### YOUR INSTRUCTIONS
Report every line of the data where the string "during" appears.

### DATA TO EXAMINE
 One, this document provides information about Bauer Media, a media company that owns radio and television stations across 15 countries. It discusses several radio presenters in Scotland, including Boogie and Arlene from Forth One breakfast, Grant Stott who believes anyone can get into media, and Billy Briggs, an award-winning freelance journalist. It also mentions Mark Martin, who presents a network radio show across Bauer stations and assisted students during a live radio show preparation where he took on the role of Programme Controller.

==

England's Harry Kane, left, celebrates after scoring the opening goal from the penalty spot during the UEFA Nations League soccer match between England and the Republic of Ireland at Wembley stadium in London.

...

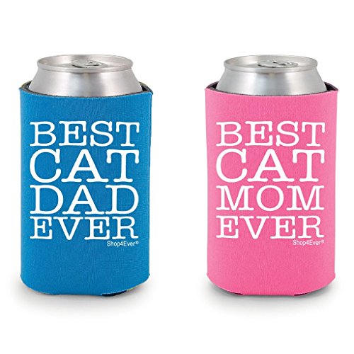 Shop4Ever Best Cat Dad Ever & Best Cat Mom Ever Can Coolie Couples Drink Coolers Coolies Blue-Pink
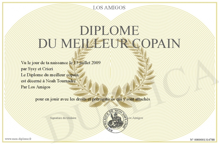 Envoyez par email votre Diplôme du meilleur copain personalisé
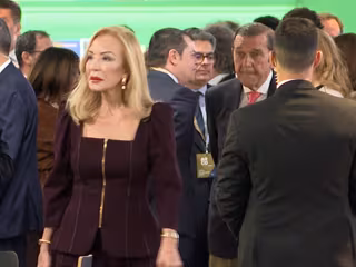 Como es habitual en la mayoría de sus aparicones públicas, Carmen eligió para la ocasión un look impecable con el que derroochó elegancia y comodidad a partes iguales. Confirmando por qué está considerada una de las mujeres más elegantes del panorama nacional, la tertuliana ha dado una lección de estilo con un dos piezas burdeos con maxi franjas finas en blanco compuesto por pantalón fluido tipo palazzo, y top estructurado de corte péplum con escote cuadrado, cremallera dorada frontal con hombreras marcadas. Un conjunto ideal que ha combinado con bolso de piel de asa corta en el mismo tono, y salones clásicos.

### RESPONSE TO THE TASK
 One, this document provides information about Bauer Media, a media company that owns radio and television stations across 15 countries. It discusses several radio presenters in Scotland, including Boogie and Arlene from Forth One breakfast, Grant Stott who believes anyone can get into media, and Billy Briggs, an award-winning freelance journalist. It also mentions Mark Martin, who presents a network radio show across Bauer stations and assisted students during a live radio show preparation where he took on the role of Programme Controller.
England's Harry Kane, left, celebrates after scoring the opening goal from the penalty spot during the UEFA Nations League soccer match between England and the Republic of Ireland at Wembley stadium in London.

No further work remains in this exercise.